Our objectives are on the following three main subjects: (1) The qualitative study of differential equations, (2) the Hamiltonian systems and the Celestial Mechanics, and (3) the discrete dynamical systems.
(1) The first subject consists in the qualitative study of the differential equations putting special emphasis in the analysis of their periodic solutions, their number, their kind of stability, and their bifurcations. Moreover we also are interested in the study of the integrability of these systems. More precisely:
(1.1) The study of the limit cycles for polynomial differential systems in the plain and the 16th Hilbert problem stated in 1900. Our group has solved this problem for some particular classes of polynomial differential systems. We believe that we are close to its complete solution, or at least of its generic solution. In this project we will extend this problem to trigonometric differential equations on the cylinder.

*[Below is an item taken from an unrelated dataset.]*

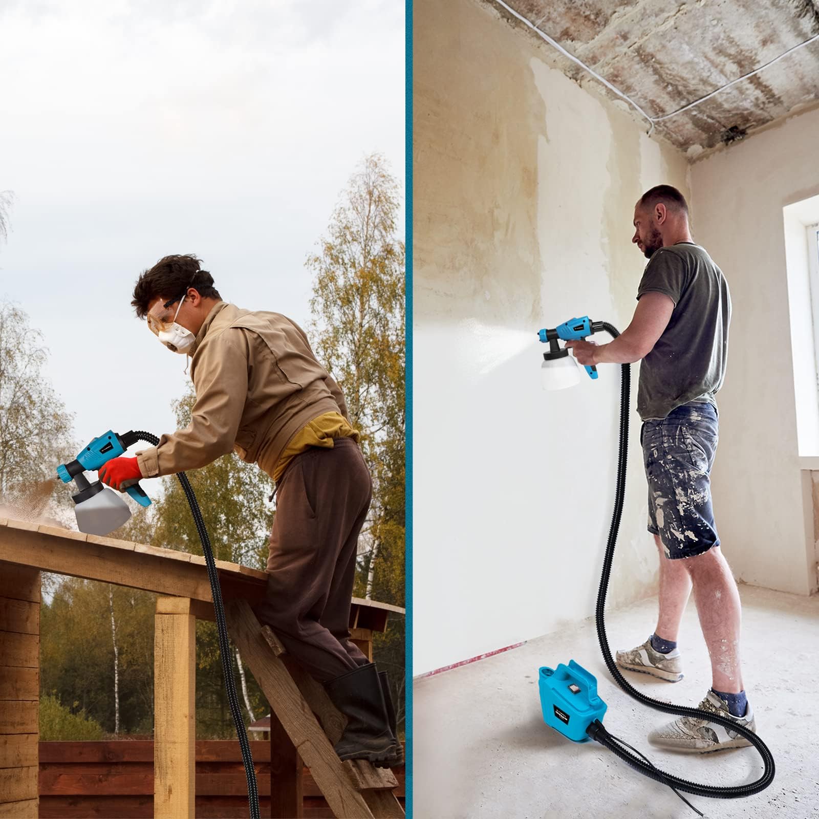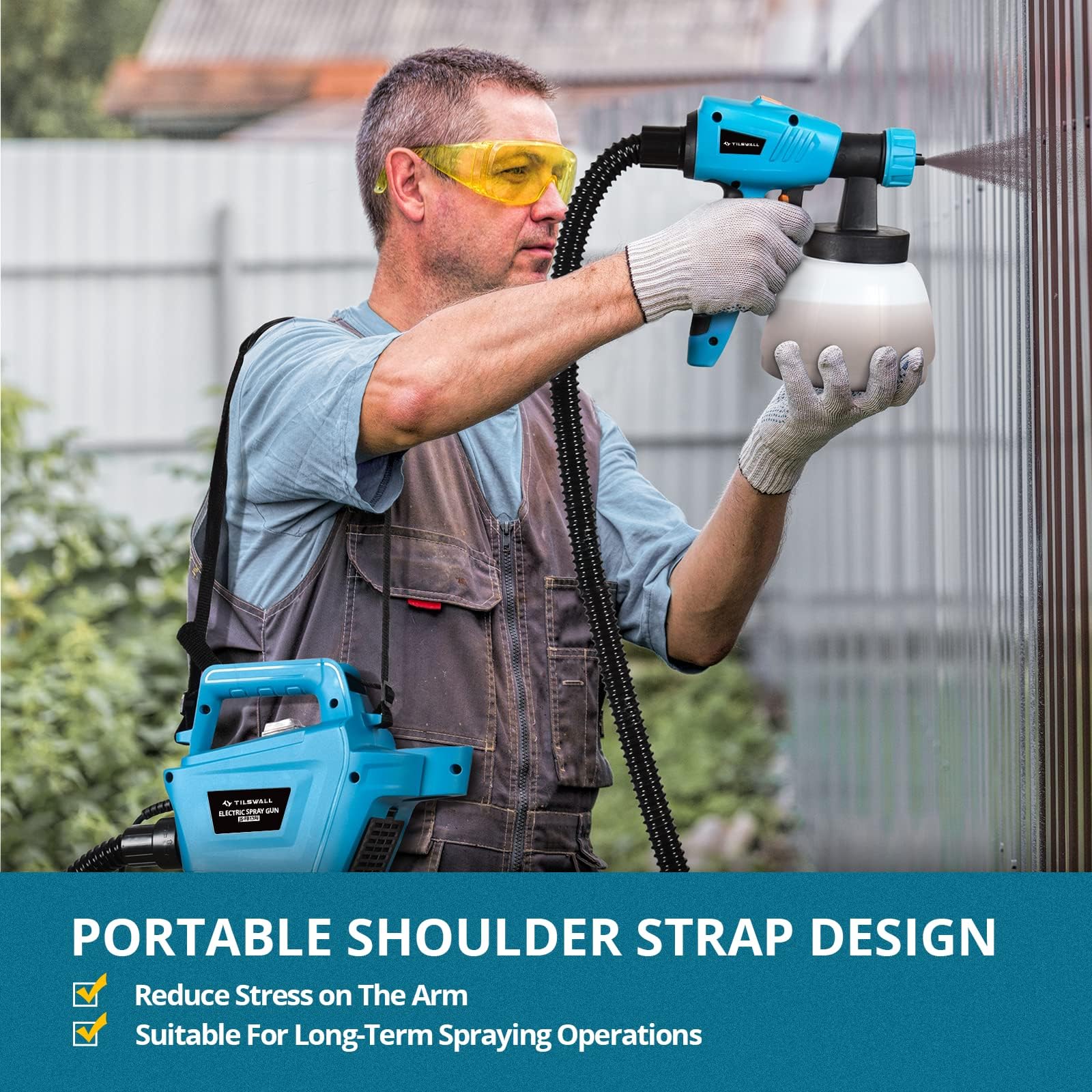 Ein besonderer Vorteil ist das ergonomische Design mit getrenntem Motor. Die Sprühpistole selbst ist dadurch besonders leicht, was ein ermüdungsfreies Arbeiten ermöglicht und die Handhabung spürbar erleichtert. In Kombination mit dem langen Schlauch und Kabel können Sie sich frei bewegen und auch grössere Bereiche bequem bearbeiten.

(1.2) The center-focus problem: to distinguish between a focus and a center of an analytic differential system in the plane. This problem already has more than 100 years. We have encouraging results in this direction, but we want to improve them mainly in the computation of the Liapunov constants for the linear type centers using parallel computation.
(1.3) Development and applications of the averaging theory for studying the periodic solutions of the differential systems in arbitrary finite dimension. We have developed this theory recently to arbitrary order in a small parameter and arbitrary finite dimension for differential systems. Now we want to extend this theory to the continuous and discontinuous piecewise differential systems. This kind of differential systems appear in a natural way in problems of the engineering and in the control theory.
(1.4) The existence of first integrals simplifies the study of the dynamics of a differential system. The Darboux theory of integrability and the study of the analytic first integrals have obtained good results in these last years, part of these results have been obtained by our group.
(2) The second subject mainly consists in studying the families of periodic orbits of the Hamiltonian systems, and in particular of the families defined by the central configurations of the n body problem of Celestial Mechanics. We want to develop and improve the application of the averaging theory to the study of the families of periodic orbits of the Hamiltonian systems, and in special to the ones coming from Celestial Mechanics.
(3) We consider the discrete dynamical systems defined by the iteration of a function or a recurrence. In the study of the dynamics of such discrete system, the periodic orbits play the main role. Our objective is the characterization of the set of periods for some of the relevant discrete dynamical systems. We already have several results in this direction. The Lefschetz zeta function is a good tool for these studies when the variety is compact.